Scientific Coordination

Ana Simões

Principal Investigator

Ana Simões is full professor of history of science at the University of Lisbon, and member of the CIUHCT. She is also the Vice-President of the European Society for the History of Science (2020-22), following serving as President (2018-2020).

She has written extensively on the history of quantum chemistry, and aspects of history of science in Portugal, 18th to 20th centuries, including popularisation of science and science and the city, framed by a historiographical reflection on the circulation of science including non-central places. She is a founding member of the international network Science and Technology in the European Periphery. She is member of several national and EU projects, editorial boards, scientific advisory boards and scientific societies.

Luís Carolino

Co-Principal Investigator

Luís Miguel Carolino is an Assistant Professor at the Lisbon University Institute (ISCTE-IUL), Portugal, where he is also a researcher affiliated with CIES. He was Visiting Professor at the University of California, Berkeley (2019) and Federal University of Rio de Janeiro (2007).

His main research interests concern History of Science, History of Learned Institutions, Early Modern Natural Philosophy, Cosmology and Astronomy, Science Teaching and the Making of Modern State and Public Dimension of Science in the 19th and 20th centuries, areas in which he has published extensively. Carolino is member of the International Commission of the History of Universities.

Maria Paula Diogo*


Maria Paula Diogo is Full Professor of History of Technology and Engineering at the NOVA School of Sciences and Technology and member of the CIUHCT.

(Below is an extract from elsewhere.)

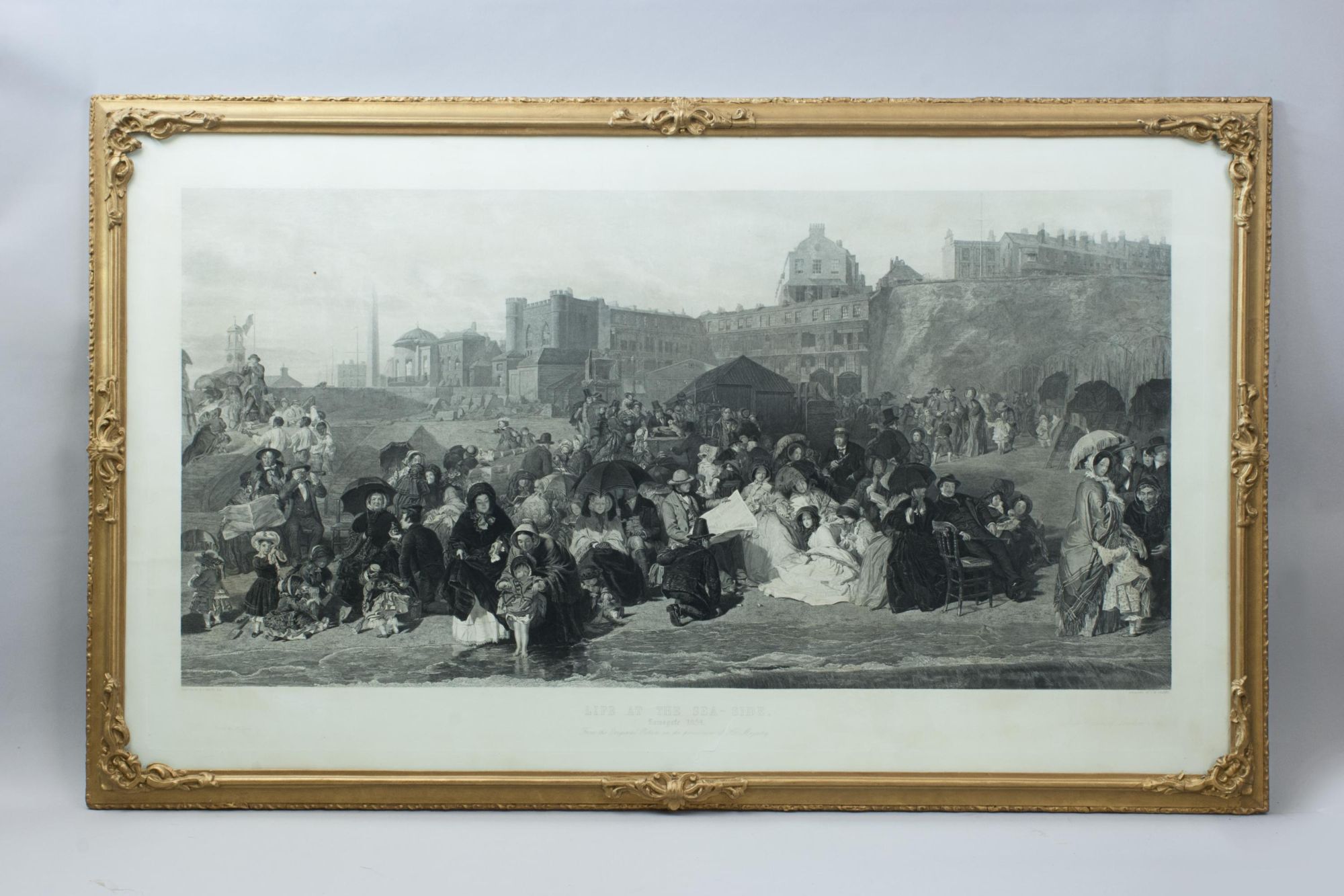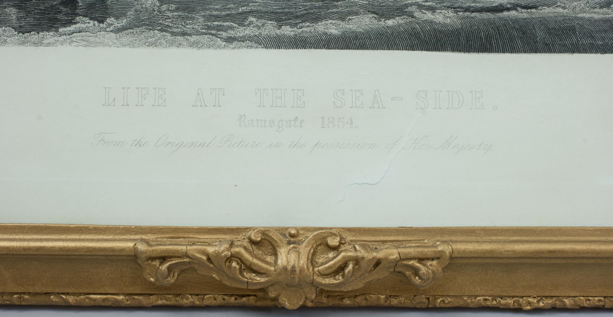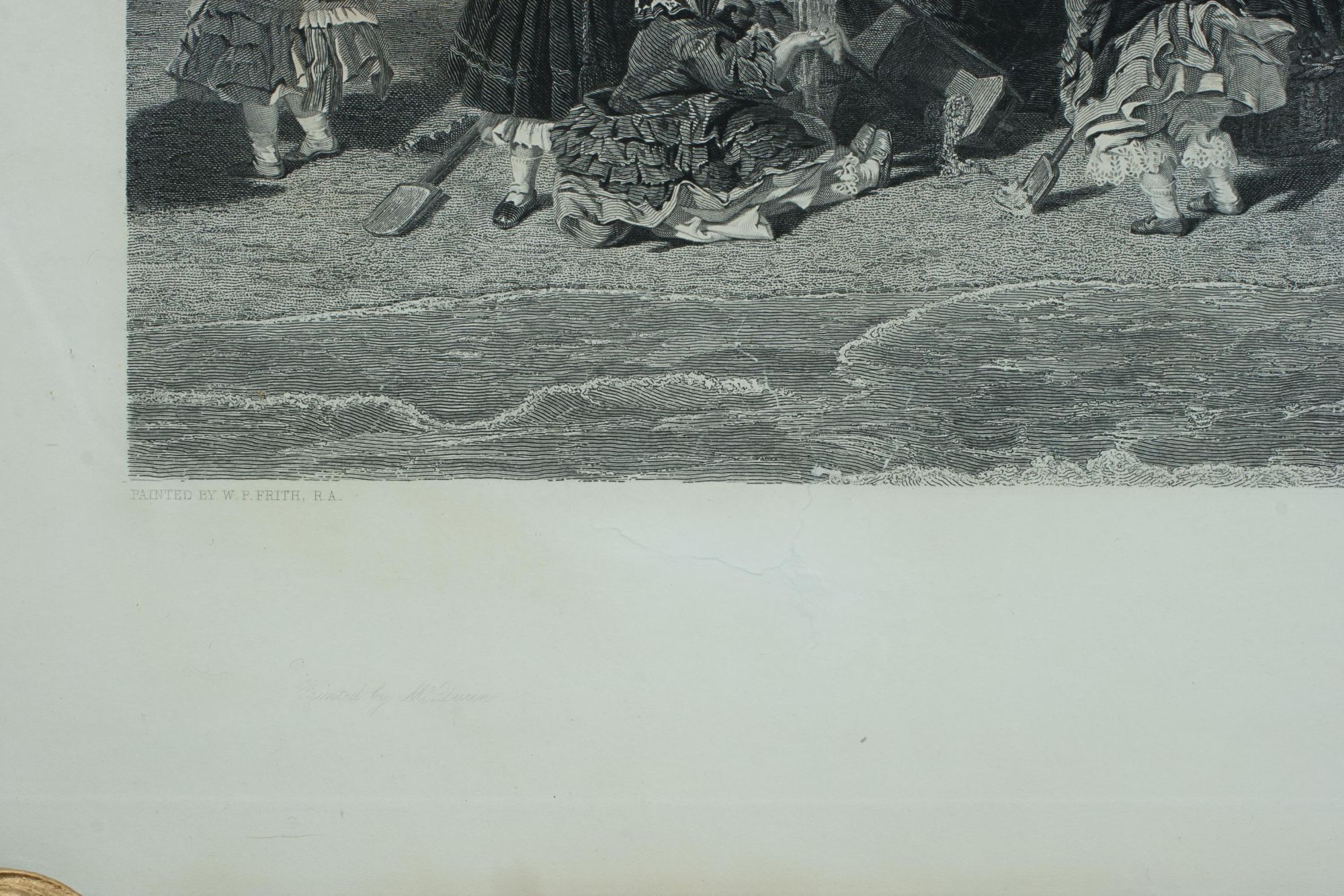 An exceptional and impressively detailed Victorian engraving by C. W. Sharpe, after William Powell Frith's celebrated oil painting Ramsgate Sands - more simply known as Life at the Sea-Side, Ramsgate 1854. The engraving was taken from the original painting in the possession of Her Majesty Queen Victoria. This work marks Frith's first great panoramic narrative of modern life, vividly capturing the hustle and bustle of Victorian society at leisure by the sea.

Having pioneered the field of History of Technology in Portugal, her research focuses on the History of Engineering in Portugal and former colonies, particularly concerning circulation and appropriation of knowledge, networks, centres, and peripheries and, more recently, the concept of Anthropocene. She has published extensively on these topics. As co-author of one of the books of the Making Europe book series (Europeans Globalizing) she was awarded the Freeman Prize by EASST. In 2020 she was awarded the Leonardo da Vinci Medal, the highest recognition of the Society for the History of Technology (SHOT).

* Currently not a member of E3GLOBAL due to being nominated for the directive board of FCT.IP.

Research Team

Ana Matilde Sousa


Ana Matilde Sousa is an artist and academic from Lisbon. She holds a PhD in Painting from the Faculty of Fine Arts of Lisbon, where she is a Junior Researcher and teaches several courses. She is a member of CIEBA – Artistic Studies Research Center.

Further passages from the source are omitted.